Open source code ：https://github.com/megvii-model/YOLOF
At present ,FPN It has almost become an indispensable part of excellent target detection network .FPN There are two main advantages of ：
- Multi scale feature fusion ： Multiple low resolution and high resolution feature inputs are fused to obtain better representation
- Divide and rule ： Depending on the scale , Detect different levels of targets respectively
FPN A general idea of is , Its success depends on the fusion of multi-level features , This has led to a series of research on complex fusion methods of manual design . However , This concept ignores FPN The role of divide and rule . This leads to questions about how these two benefits promote FPN There are few successful studies , In turn, it may hinder new progress .
therefore , Firstly, this paper studies FPN The two benefits of are one-stage Effects in the detector . By integrating multi-scale feature fusion and divide and conquer function with RetinaNet Decoupling to design experiments .

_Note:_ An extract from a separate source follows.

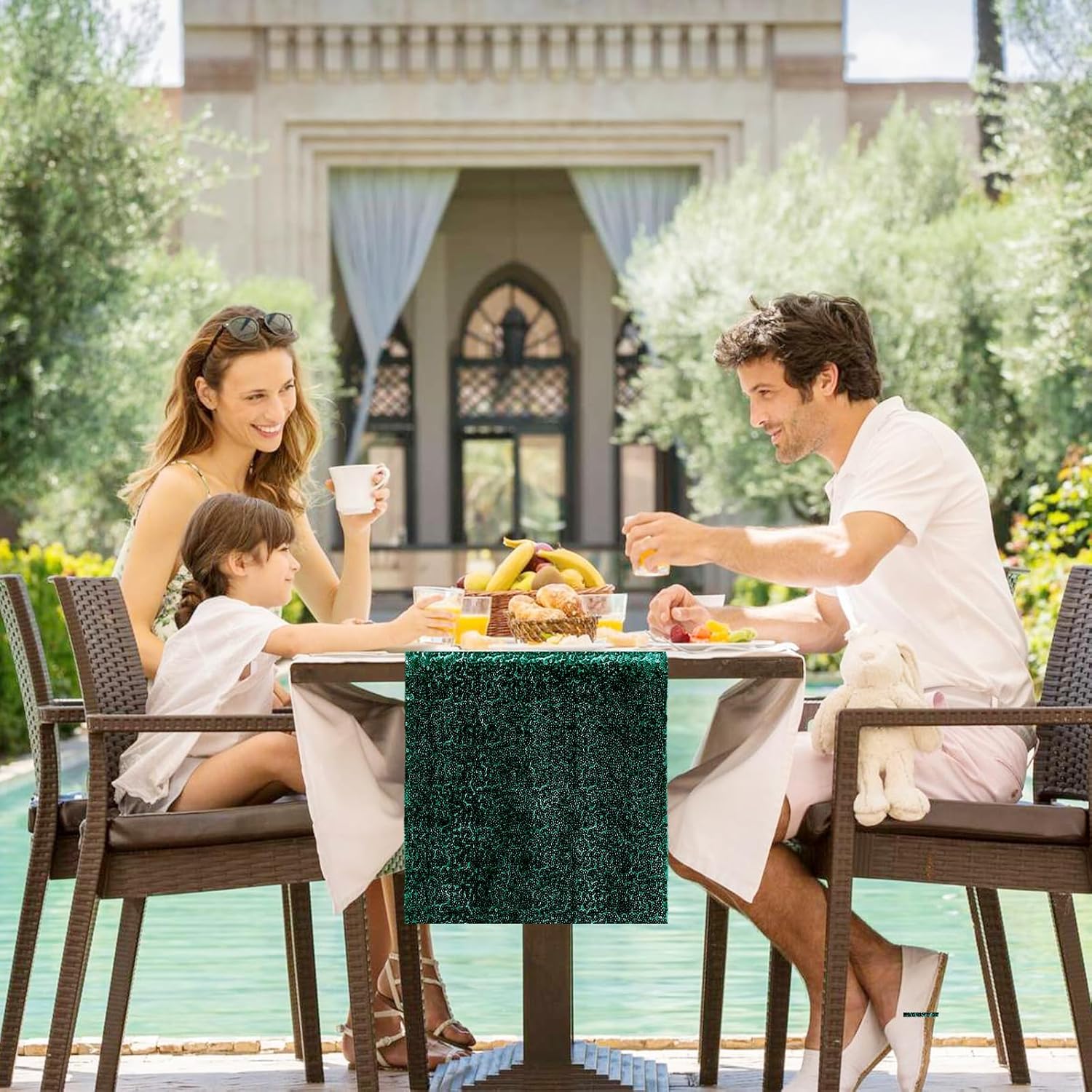 10 Packs 12 x 72 inches Sequin Table Runner, Hunter Green Glitter Table Runner for Birthday Party Supplies Wedding Engagement Baby Shower Holiday Celebration Event Decorations

As shown in the figure below , The author of MiMo、SiMo、MiSo、SiSo Made a comparison , It's amazing , There is only one input feature C5 Without feature fusion SiMo The encoder can be implemented with MiMo Encoder （ namely FPN） Quite good performance , The performance gap is less than 1 mAP. by comparison ,MiSo and SiSo The performance of the encoder drops sharply （≥ 12 mAP）.
These phenomena illustrate two facts ：
- C5 Features have enough context to detect objects of various scales , This makes SiMo The encoder can achieve comparable results
- The benefits of multiscale feature fusion are far less important than the benefits of divide and conquer , Therefore, multi-scale feature fusion may not be FPN The most significant benefit
Target detection using multiple features is a traditional technology . The typical methods of constructing multiple features can be divided into image pyramid method and feature pyramid method . Detector based on image pyramid , for example DPM, In the pre deep learning era, it dominated the detection , Its advantage is that it can be used out of the box , And achieve higher performance .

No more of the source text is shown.